If we define 2 reflexive relations(say R and S) a set A, then are not they same?
Reflexive relation means for all $\forall x \in A, (x,x) \in R$. Same is the case for S. Then isn't R = S???
if so we consider the theorem, if R and S are reflexive relations then $R \cup S, R \cap S$ are both reflexive. When we define R and S on same set A, are not they R=S? Then theorem becomes trivial right.
On
No reflexive relations on a set do not have to be the same.
For example consider $$A=\{1,2,3\}$$
$$R= \{(1,1), (2,2),(3,3), (1,3)\}$$ and $$ S= \{(1,1), (2,2),(3,3), (2,3)\}$$ Where both relations are reflexive but they are not the same.
As you notice,the intersecton and the union are reflexive in this example but you have to prove it in general.
On
No, they are not necessarily the same. $\forall x\in A: (x,x) \in R$ does not mean that these are the only pairs in $R$, there can be many more, which in turn may or may not be in $S$.

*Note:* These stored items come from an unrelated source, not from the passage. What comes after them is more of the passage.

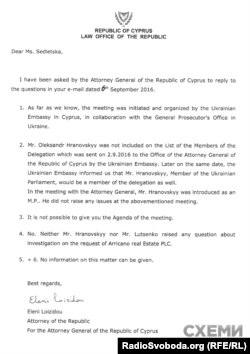 У Генеральній прокуратурі Республіки Кіпр повідомили, що зустріч Юрія Луценка з генпрокурором Кіпру Костасом Клерідісом 5 вересня організувало посольство України та Генпрокуратура України, чим заперечили слова народного депутата від БПП Олександра Грановського, що цю зустріч організував він, тому і був на ній присутній. Про це йдеться в офіційній відповіді на запит програми «Схеми», спільного проекту Радіо Свобода і телеканалу «UA:Перший», в якому журналісти просили підтвердити правдивість слів Грановського.
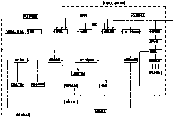 優選地,所述的反滲透單元又連接調節池,經反滲透單元處理后留下的濃水部分回流至調節池中,以重復利用,另外的部分濃水直接用于生產生活。
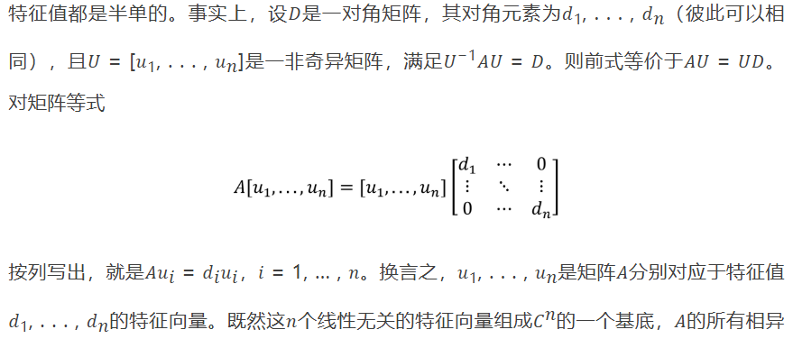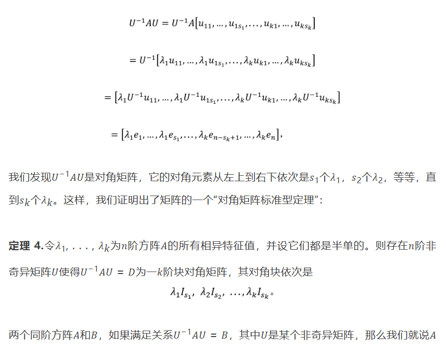 与𝐵是“相似”的,有时如同中学平面几何教科书上表示两个三角形相似的符号那样写成𝐴 ∼ 𝐵。定理 4表明,所有其特征值均为半单的矩阵相似于一个对角矩阵,它的对角元素由这些特征值按各自的重数一一排列。一个特殊的情形是,𝑛阶矩阵𝐴有𝑛个相异的特征值,这时𝐴一定相似于某个对角矩阵。
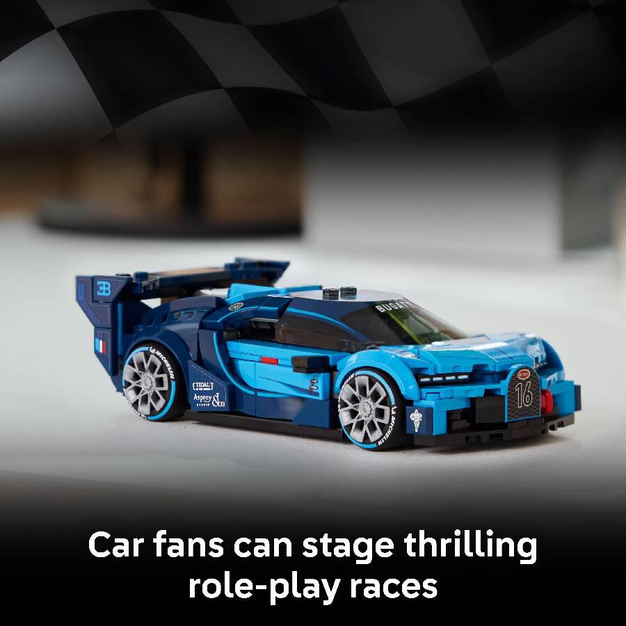 - BUGATTI CAR TOY – LEGO Speed Champions Bugatti Vision Gran Turismo Hyper Sports Car model kit (77253) for boys, girls and car fans ages 9 and up to build and display.
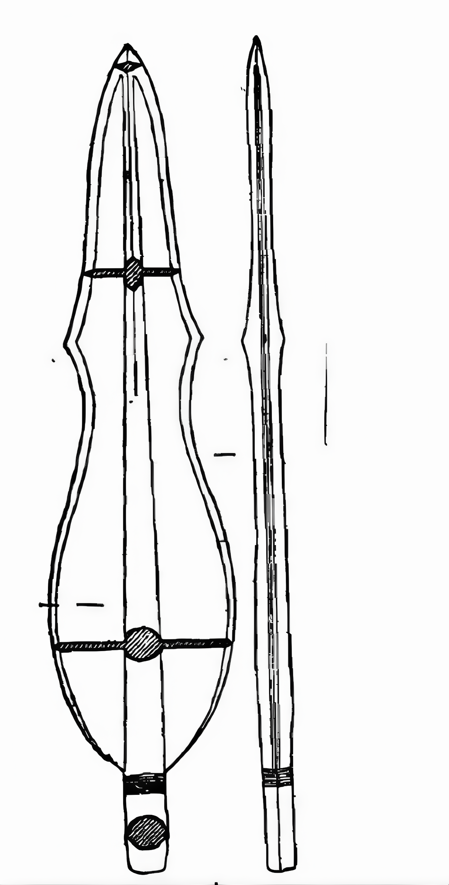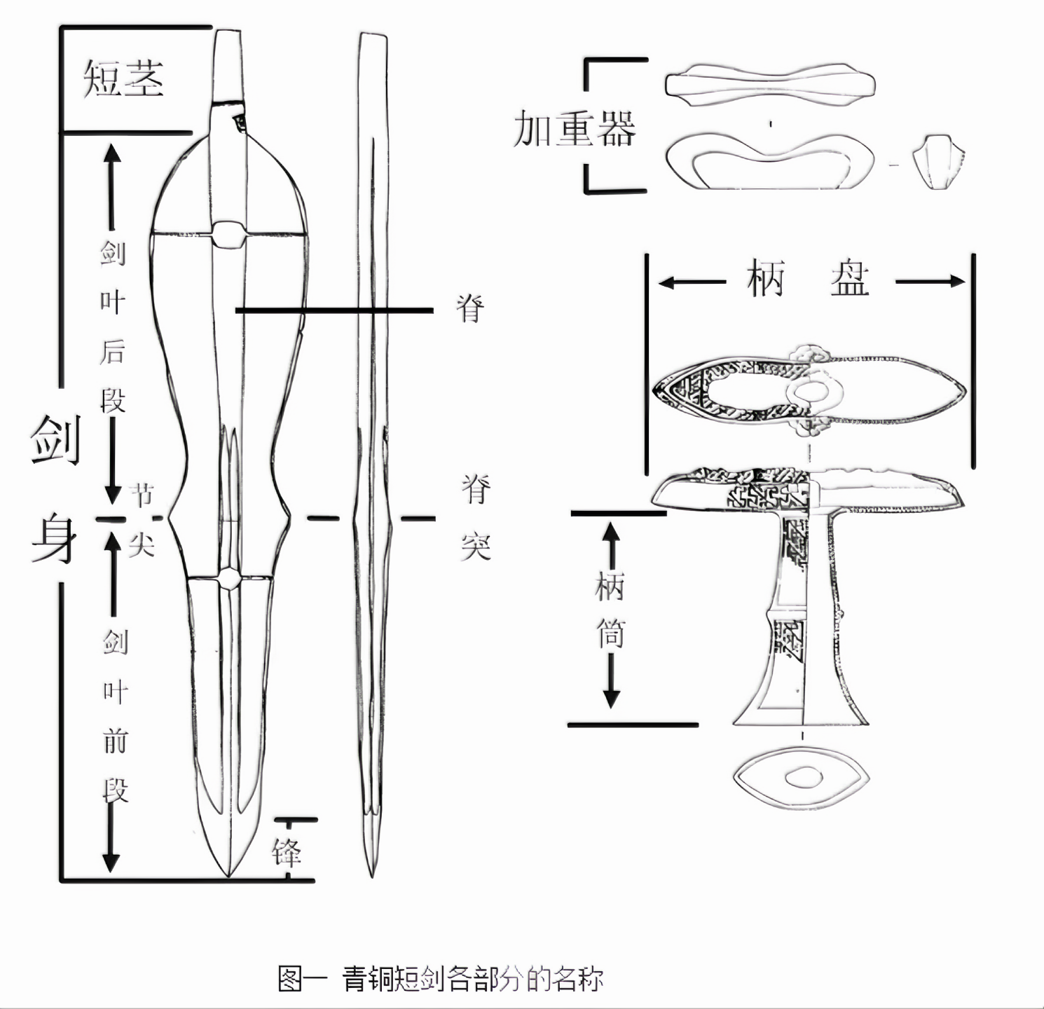 청동으로 주조되었으며, 형태는 가늘고 짧으며 양쪽에는 날카로운 날이 있다.
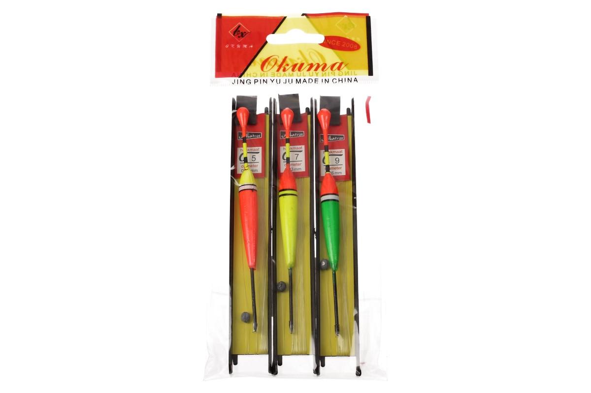 Set kompletně navázaných splávků ve třech různých barvách, nesmí chybět žádnému, správně vybavenému rybáři. Každý má jinou barvu pro snadné rozlišení. Splávky jsou vyvázané olůvky a na konci mají háčky různých velikostí. Tímto způsobem je možné lovit menší ryby. Splávek bude držet návnadu v potřebné hloubce a upozorní vás i na přítomnost ryby tím, že se potopí pod hladinu.
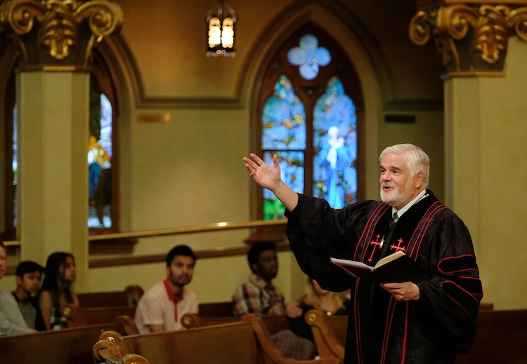 “One of the great things about ministry here is that spiritual things are ‘on the agenda’ for people in a way that they are not in other areas,” says Aeschbacher, who was chosen as interim pastor after the Rev. Michael J. Imperiale retired in June 2019 (a permanent replacement has yet to be named). “Our congregation has a long history of cooperation with other faiths [and] with many local groups to serve the needy, including St. Vincent DePaul, Crossroads Urban Center, the Utah Food Bank, and more.”
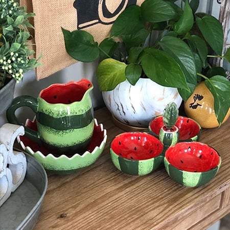 Our watermelon ceramic dishes are perfect for those backyard barbecues and get-togethers. Choose between one or all of these colorful and attractive serving dishes and bring a sweet summertime addition to the table.
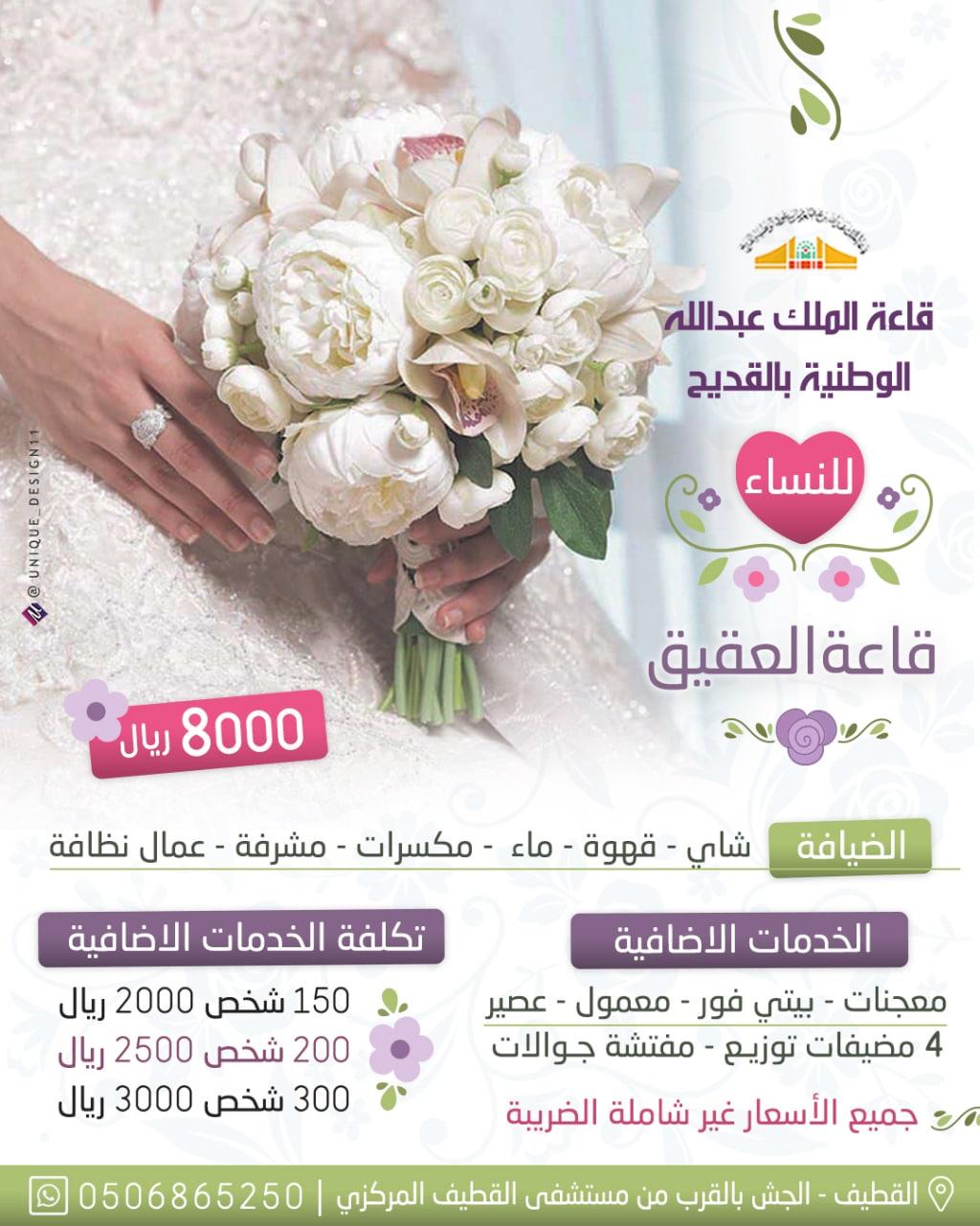 احجزي قاعة زفافك في إحدة قاعات الملك عبدالله الوطنية بالقديح
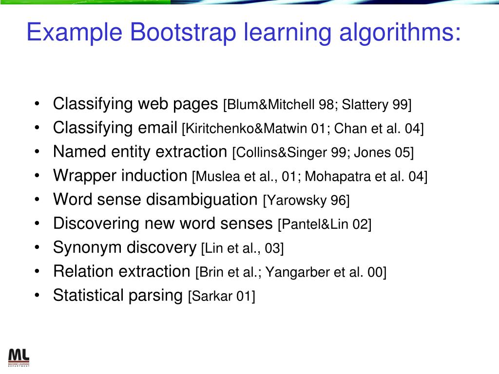 Example Bootstrap learning algorithms: • Classifying web pages [Blum&Mitchell 98; Slattery 99] • Classifying email [Kiritchenko&Matwin 01; Chan et al. 04] • Named entity extraction [Collins&Singer 99; Jones 05] • Wrapper induction [Muslea et al., 01; Mohapatra et al. 04] • Word sense disambiguation [Yarowsky 96] • Discovering new word senses [Pantel&Lin 02] • Synonym discovery [Lin et al., 03] • Relation extraction [Brin et al.; Yangarber et al. 00] • Statistical parsing [Sarkar 01]
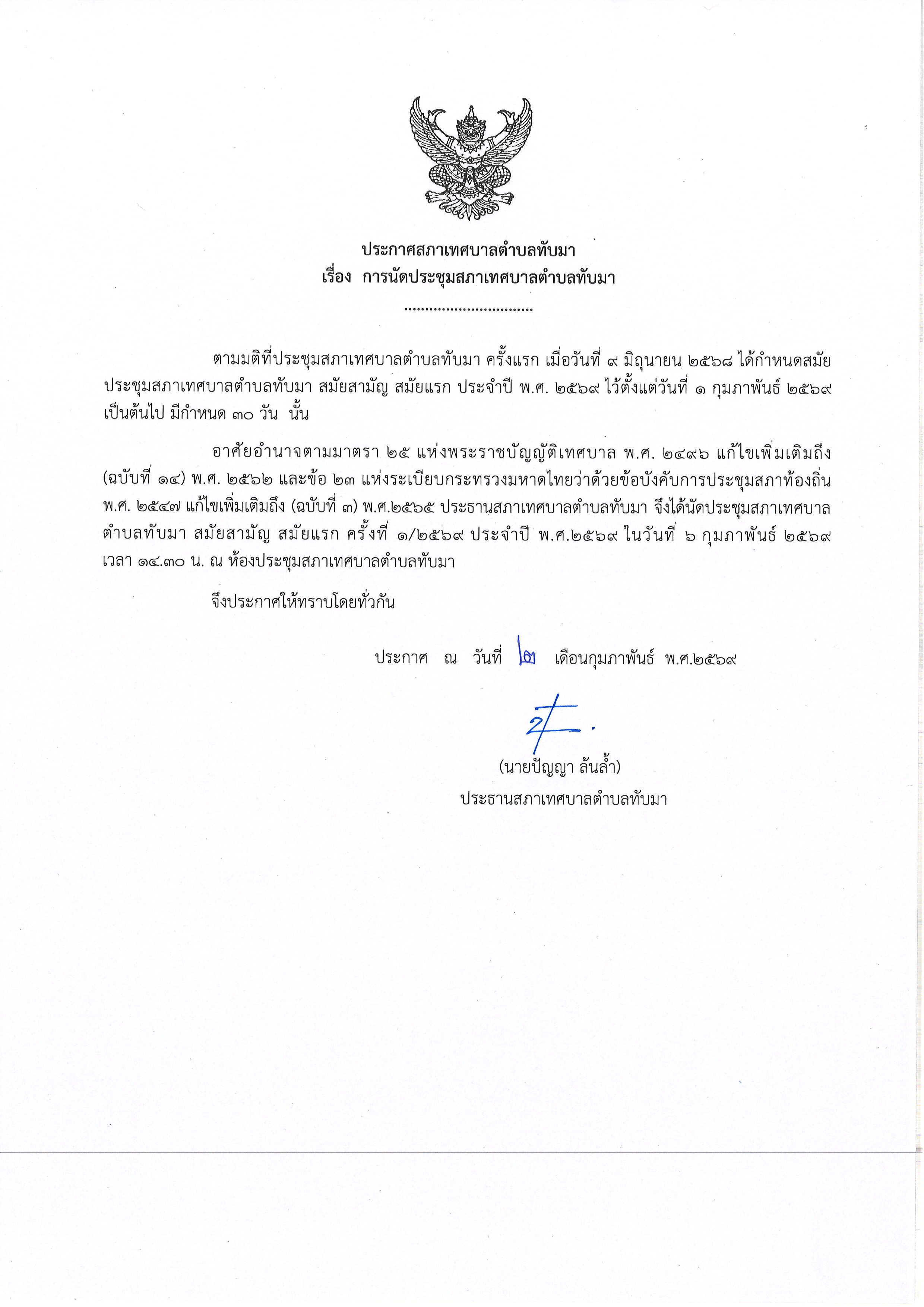 ประกาศสภาเทศบาลตำบลทับมา เรื่อง การนัดประชุมสภาเทศบาลตำบลทับมา สมัยสามัญ สมัยแรก ครั้งที่ 1/2569 ประจำปี พ.ศ.2569
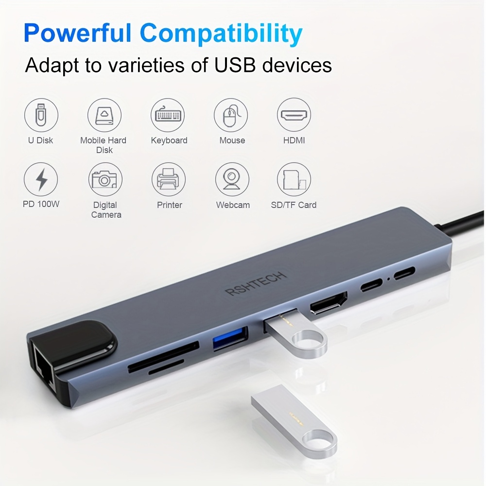 RSHTECH 8-in-1 Type C HUB Adapter - 4K HDTV, USB 3.0 5Gbps High-Speed Data Transmission, SD/TF Card Reader, RJ45 Ethernet, PD 100W USB C Docking Station for Mobile Hard Disk, Keyboard, Mouse, Digital Camera, Printer, Webcam, SD/TF CardRSHTECH 8-in-1 Type C HUB Adapter - 4K HDTV, USB 3.0 5Gbps High-Speed Data Transmission, SD/TF Card Reader, RJ45 Ethernet, PD 100W USB C Docking Station for Mobile Hard Disk, Keyboard, Mouse, Digital Camera, Printer, Webcam, SD/TF CardRSHTECH 8-in-1 Type C HUB Adapter - 4K HDTV, USB 3.0 5Gbps High-Speed Data Transmission, SD/TF Card Reader, RJ45 Ethernet, PD 100W USB C Docking Station for Mobile Hard Disk, Keyboard, Mouse, Digital Camera, Printer, Webcam, SD/TF CardRSHTECH 8-in-1 Type C HUB Adapter - 4K HDTV, USB 3.0 5Gbps High-Speed Data Transmission, SD/TF Card Reader, RJ45 Ethernet, PD 100W USB C Docking Station for Mobile Hard Disk, Keyboard, Mouse, Digital Camera, Printer, Webcam, SD/TF CardRSHTECH 8-in-1 Type C HUB Adapter - 4K HDTV, USB 3.0 5Gbps High-Speed Data Transmission, SD/TF Card Reader, RJ45 Ethernet, PD 100W USB C Docking Station for Mobile Hard Disk, Keyboard, Mouse, Digital Camera, Printer, Webcam, SD/TF CardRSHTECH 8-in-1 Type C HUB Adapter - 4K HDTV, USB 3.0 5Gbps High-Speed Data Transmission, SD/TF Card Reader, RJ45 Ethernet, PD 100W USB C Docking Station for Mobile Hard Disk, Keyboard, Mouse, Digital Camera, Printer, Webcam, SD/TF CardRSHTECH 8-in-1 Type C HUB Adapter - 4K HDTV, USB 3.0 5Gbps High-Speed Data Transmission, SD/TF Card Reader, RJ45 Ethernet, PD 100W USB C Docking Station for Mobile Hard Disk, Keyboard, Mouse, Digital Camera, Printer, Webcam, SD/TF CardRSHTECH 8-in-1 Type C HUB Adapter - 4K HDTV, USB 3.0 5Gbps High-Speed Data Transmission, SD/TF Card Reader, RJ45 Ethernet, PD 100W USB C Docking Station for Mobile Hard Disk, Keyboard, Mouse, Digital Camera, Printer, Webcam, SD/TF Card
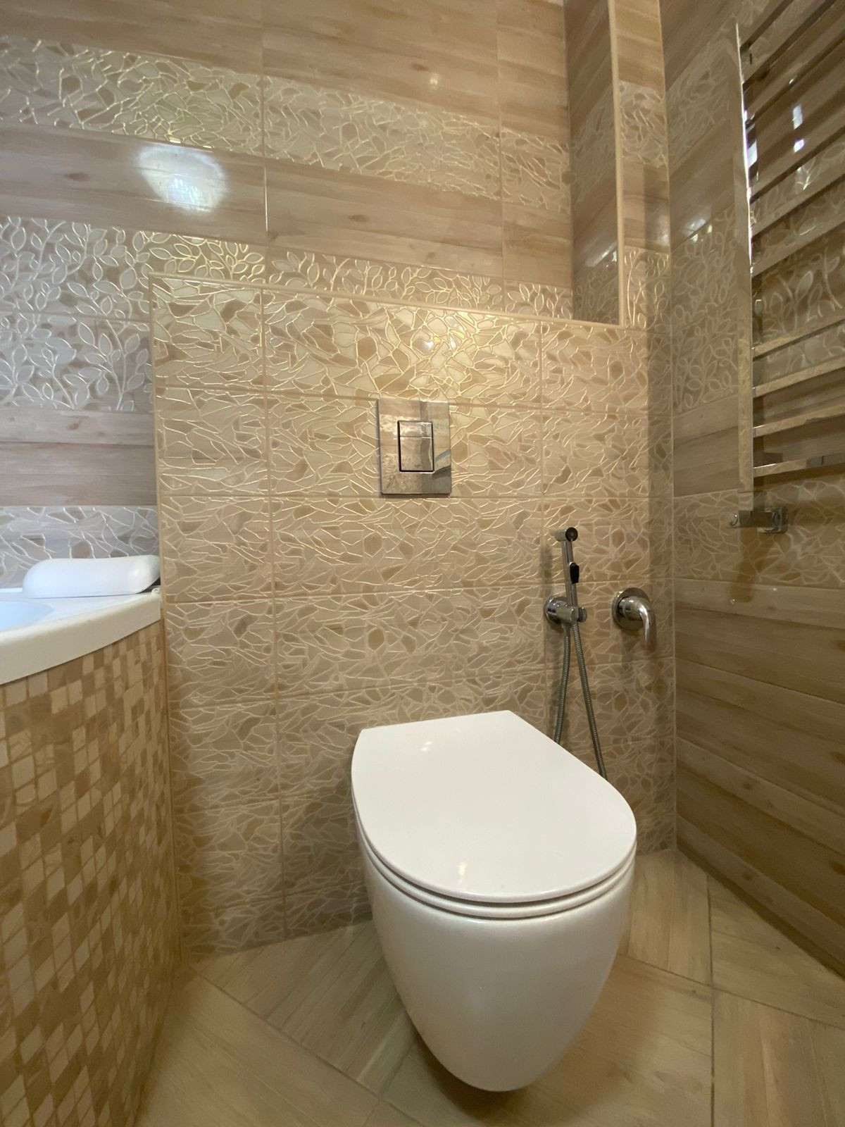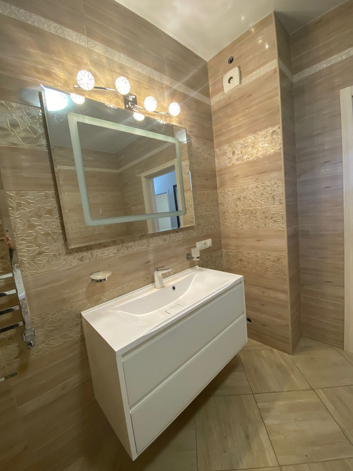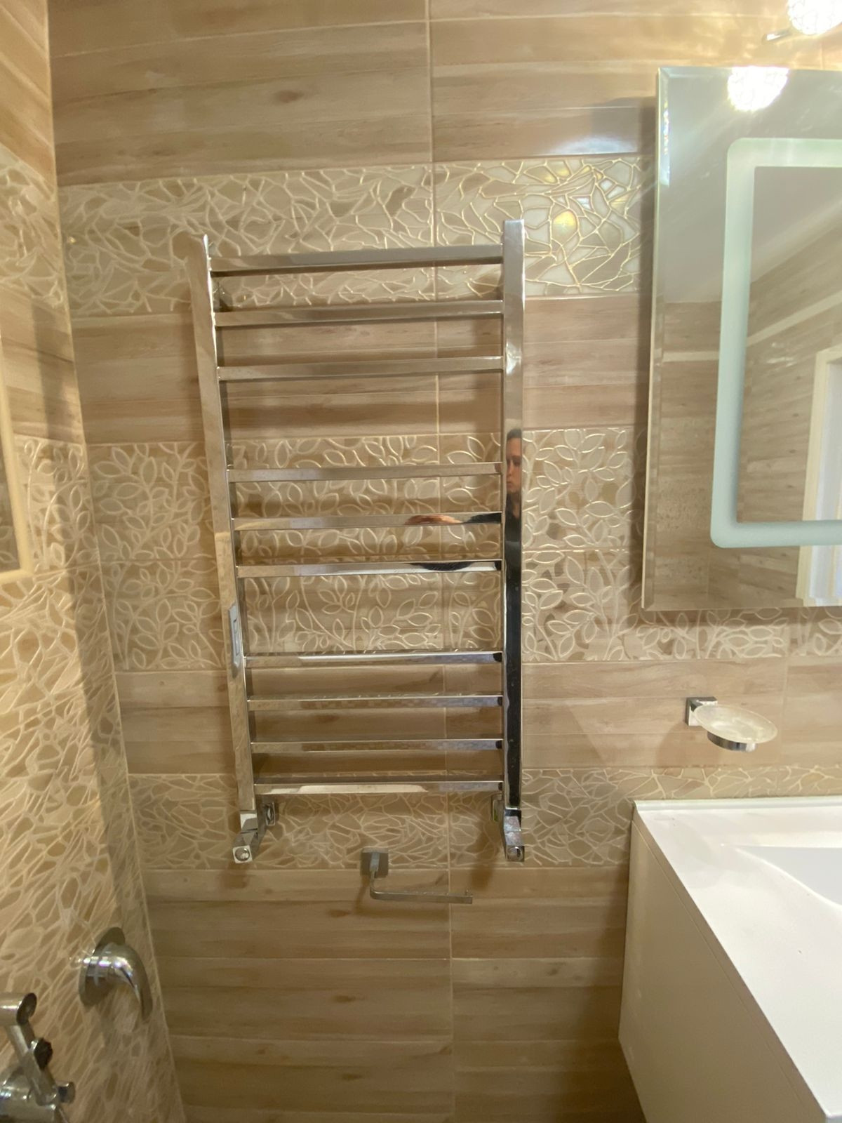 Стены и пол выполнены из дорогостоящего кафеля.

For example the relations "have the same parity" and "have the same remainder when divided by $3$" on $\mathbb{Z}$ are both reflexive. $(1,3)$ is included in the first but not in the second, while $(0,3)$ is included in the second but not in the first (Their intersection is the relation "have the same remainder when divided by 6").
On
$R$ being a reflexive relation on a set $A$ implies that identity relation $I = \{(x,y):x=y\}$ where $x,y\in A$, is a subset of $R$, $I\subseteq R$. So if two sets $S$ and $T$ are reflexive relations on a set $A$, then we can only conclude that $I\subseteq S$ and $I\subseteq T$. Obviously, $I\subseteq S\cup T$ and $I\subseteq S\cap T$, therefore both intersection and union of the sets $S$ and $T$ are also reflexive.
No. For example, on $\mathbb R$, $=$ and $\le$ are both reflexive relations, but not the same.